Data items
——
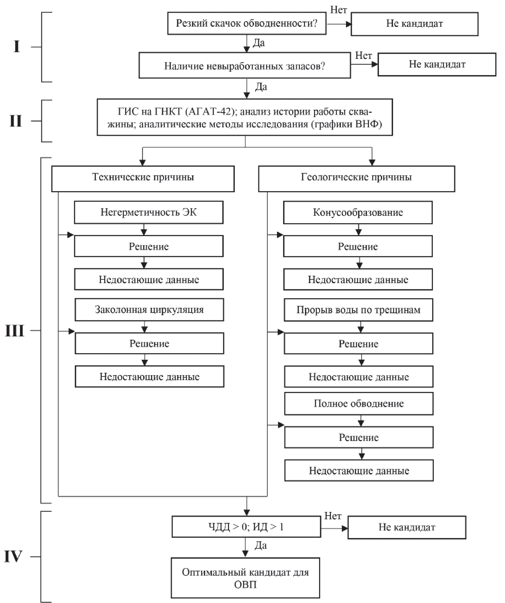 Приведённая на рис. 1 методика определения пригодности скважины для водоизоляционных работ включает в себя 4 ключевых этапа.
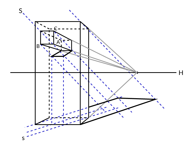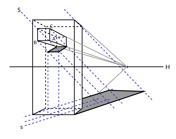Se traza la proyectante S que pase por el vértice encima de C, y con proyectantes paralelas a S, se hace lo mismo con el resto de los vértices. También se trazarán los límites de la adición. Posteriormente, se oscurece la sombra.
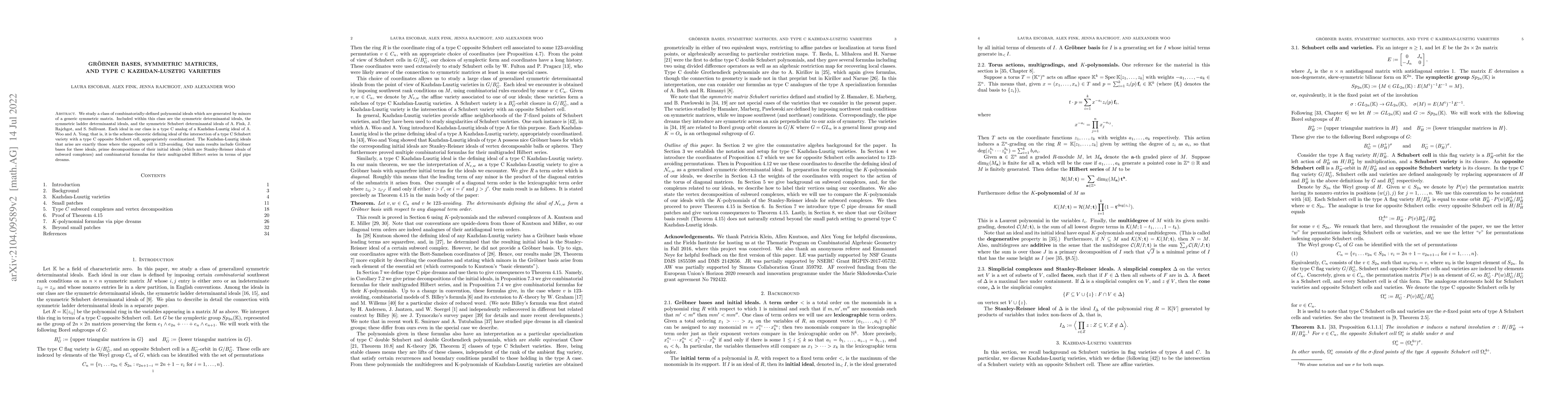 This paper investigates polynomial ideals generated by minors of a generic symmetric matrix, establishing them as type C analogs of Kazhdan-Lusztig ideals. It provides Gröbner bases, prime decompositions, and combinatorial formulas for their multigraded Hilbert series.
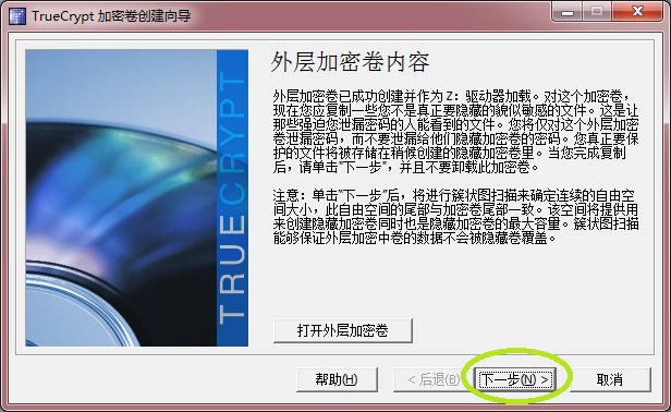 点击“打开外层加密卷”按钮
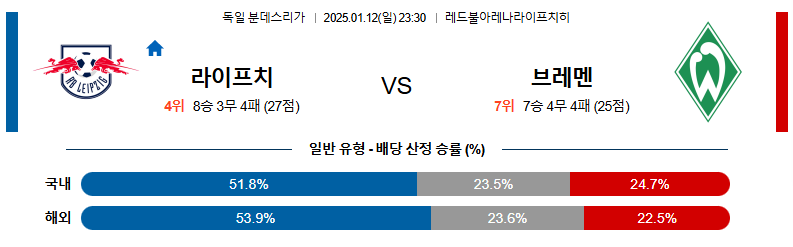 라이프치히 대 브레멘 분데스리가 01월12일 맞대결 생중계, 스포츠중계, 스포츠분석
——
▸ HOW TO COMPLETE THIS TASK
With all pictures excluded, output exactly the lines from the one containing "Se traza la" through the final line of the entries, inclusive.

▸ TASK RESPONSE
Se traza la proyectante S que pase por el vértice encima de C, y con proyectantes paralelas a S, se hace lo mismo con el resto de los vértices. También se trazarán los límites de la adición. Posteriormente, se oscurece la sombra.
 This paper investigates polynomial ideals generated by minors of a generic symmetric matrix, establishing them as type C analogs of Kazhdan-Lusztig ideals. It provides Gröbner bases, prime decompositions, and combinatorial formulas for their multigraded Hilbert series.
 点击“打开外层加密卷”按钮
 라이프치히 대 브레멘 분데스리가 01월12일 맞대결 생중계, 스포츠중계, 스포츠분석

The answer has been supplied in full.